Whoever wrote Chronicles had a reliable historical source to draw on. There are just too many names and numbers and other details for it to have been an oral tradition. Strictly speaking, the author is anonymous because he didn’t name himself; but the theories about authorship range from an anonymous levitical scribe to Ezra.
In this case, the court historian is identified (he probably wrote some of the source material):
1 Chronicles 18:15-17 Joab son of Zeruiah was commander of the army. Jehoshaphat son of Ahilud was the royal historian. Zadok son of Ahitub and Ahimelech son of Abiathar were the priests. Seraiah was the court secretary. Benaiah son of Jehoiada was captain of the king’s bodyguard. And David’s sons served as the king’s chief assistants.

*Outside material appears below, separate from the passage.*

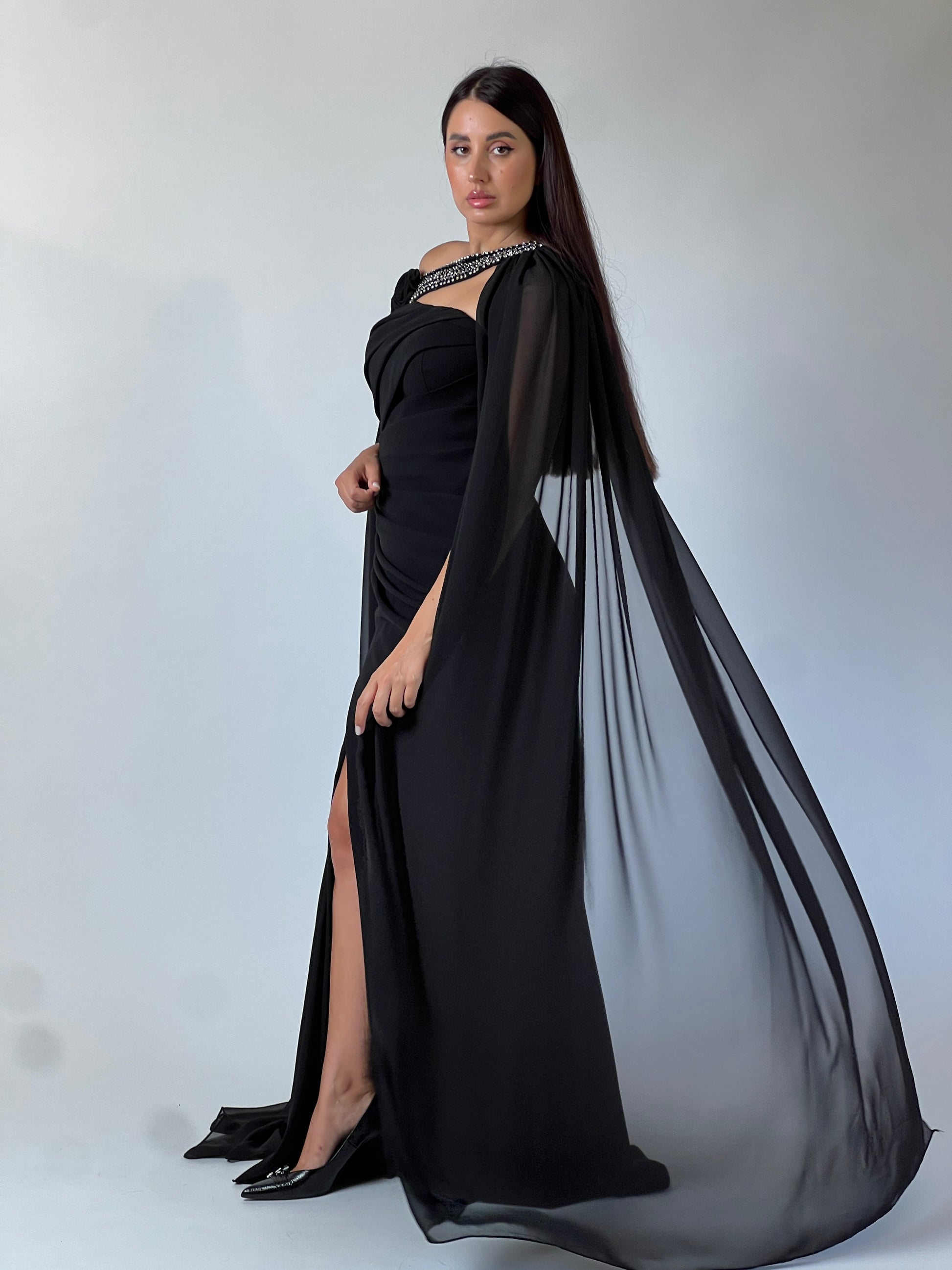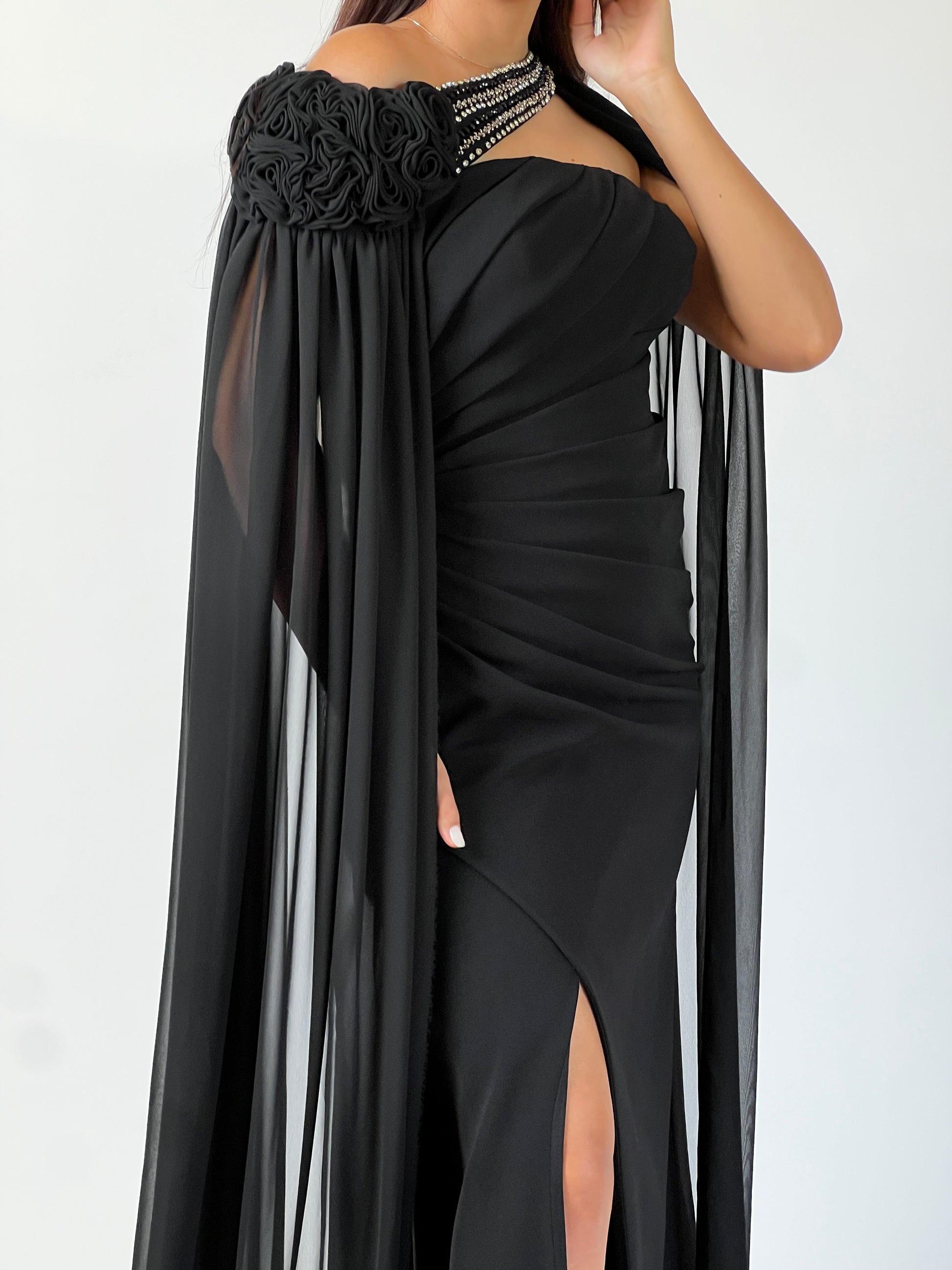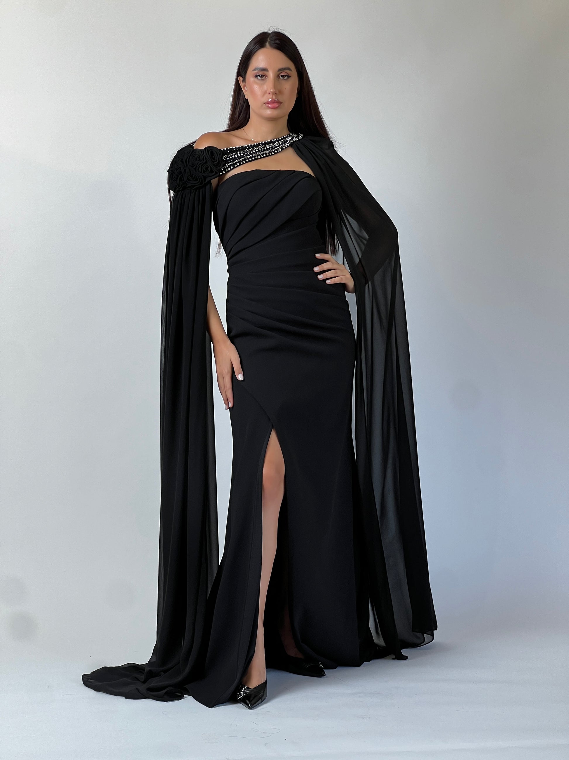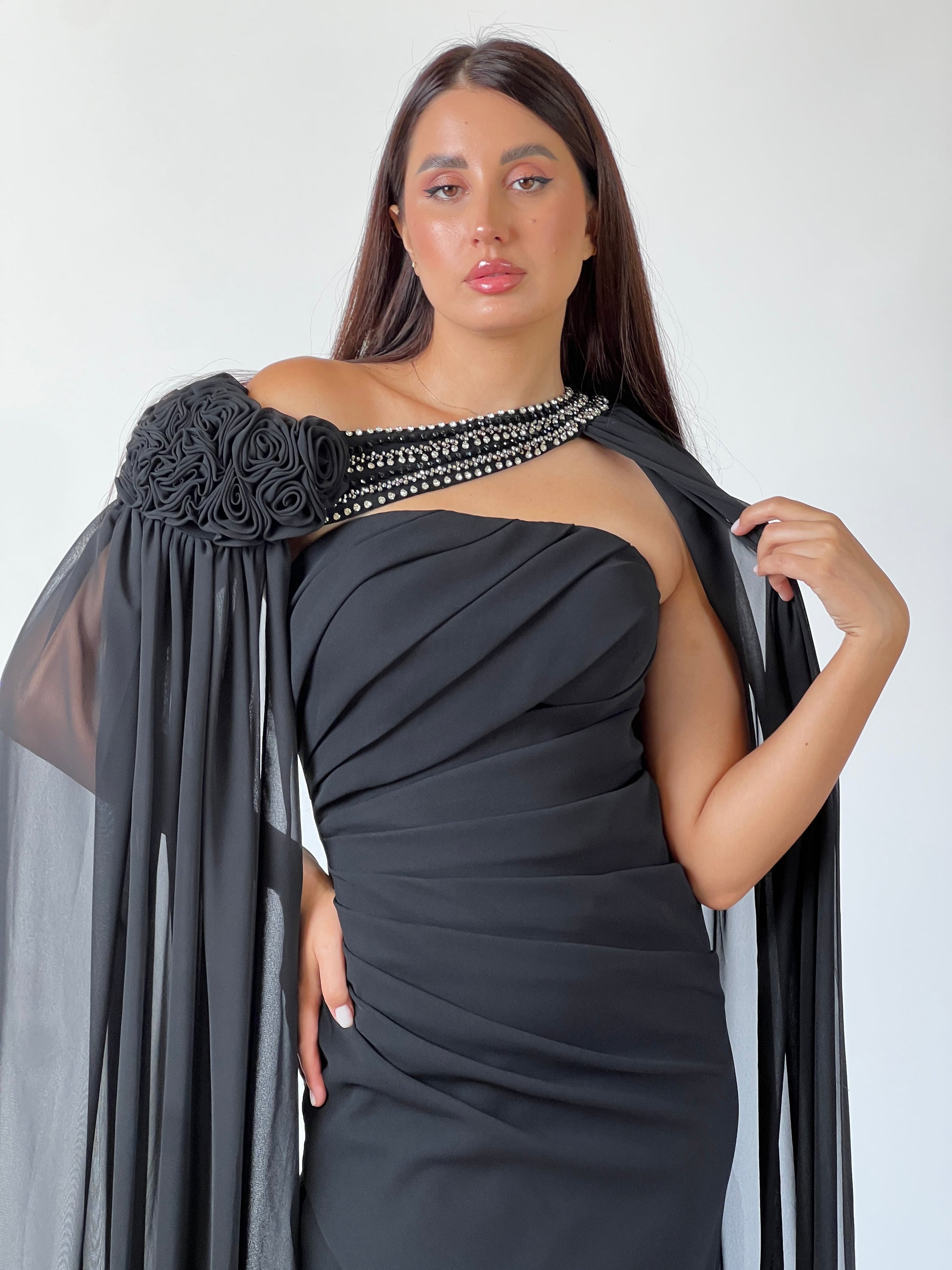 A gown that whispers power in every fold. Shadow Rose is sculpted in black chiffon and crepe, featuring an asymmetric draped bodice that flows into a cascading cape sleeve. Embellished roses and crystal beadwork crown the shoulder, creating a balance of strength and grace. Designed for women who leave an impression long after they’ve left the room.

More amazingly, the author of Chronicles left him in the record. Other sources were identified in a summary of King David’s reign:
1 Chronicles 29:26-30 All the events of King David’s reign, from beginning to end, are written in The Record of Samuel Seer, The Record of Nathan the Prophet, and The Record of Gad the Seer. These accounts include the mighty deeds of his reign and everything that happened to him and to Israel and to all the surrounding kingdoms.
A few other comments
The key here is to not get too hung up on the placement of a comma, or the grammatical construction of a noun phrase, but to look at what the text is trying to say. The discrepancies in numbers of people, chariots, horsemen and so on are are dealt with in this table. The issue usually comes down to an extra or missing zero, and it is sometimes attributed to scribal error: does it really change who God is, thousands of years after the fact, whether there were 700 or 7000 horsemen, especially given the overall issues with issues around translations of biblical numbers. Other discrepancies are not discrepancies: they were counting different objects or using different methods to do the calculations.